著者は最近、totally nonnegative (TN) 行列の逆固有値問題に取り組んでおり、幸運にもtotal positivityのMini Symposiumで講演をする機会をいただいた。講演後、オーガナイザーであるレジャイナ大学 (University of Regina) のFallat教授やコンスタンツ工科経済造形大学 (Hochschule Konstanz Technik, Wirtschaft und Gestaltung, HTWG Konstanz) のGarloff教授の研究グループから有益な情報をいただくことができ、著者にとって大変有意義な会議となった。
同セッションでは、TN行列の固有値計算法で知られるサンノゼ州立大学 (San Jose State University) のKoev教授などの講演もあったが、中でも、サハンド工科大学 (Sahand University of Technology) のGhanbari教授による講演が興味深かった。
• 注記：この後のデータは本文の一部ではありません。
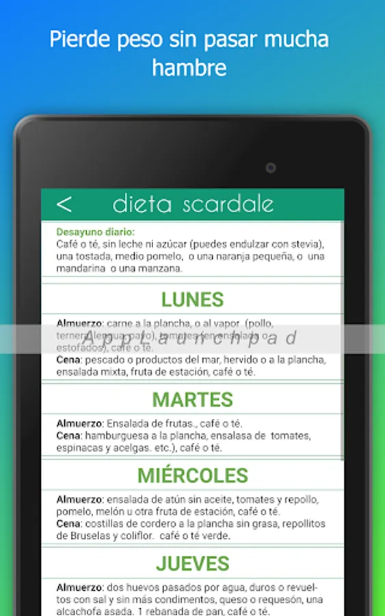 It is recommended that this diet to define, where it is explained how to lose weight, and where tips to lose weight are shown, be accompanied by exercises to lose weight.

連続可積分系であるToda flowの拡張として階段行列と対応する連続力学系を考えると、その系が時間発展において行列のTN性を保存する、という内容であった。他のMini Symposiumでは、グラフに対する逆固有値問題など、日本では聞くことのできない話題に触れることができたのも収穫であった。
また、ILAS2016ではソーシャルパックが非常に充実しており、ウェルカムパーティやカンファレンスディナー、エクスカーションの他に、フレンチフライやBBQなどのランチも提供された。世界遺産であるベギン会大修道院跡 (Groot Begijnhof) に隣接しているFaculty Club Leuvenで行われたカンファレンスディナーでは、ルーヴァン・カトリック大学 (Université catholique de Louvain) のVan Dooren教授のHans Schnizer Prize 授賞式が行われた。授賞式後、ワシントン州立大学 (Washington State University) のWatkins教授のスピーチが30分程続き笑いが起きるなど和やかなひとときを過ごした。

alt="カンファレンスディナーの様子"
カンファレンスディナーの様子

次回のILAS2017は2017年7月24日から28日までアメリカのアイオワ州立大学 (Iowa State University)で開催予定である。今回は滞在中にフランスでテロ事件が発生し緊張が走った。次回以降のILASが平和に開催されることを願ってやまない。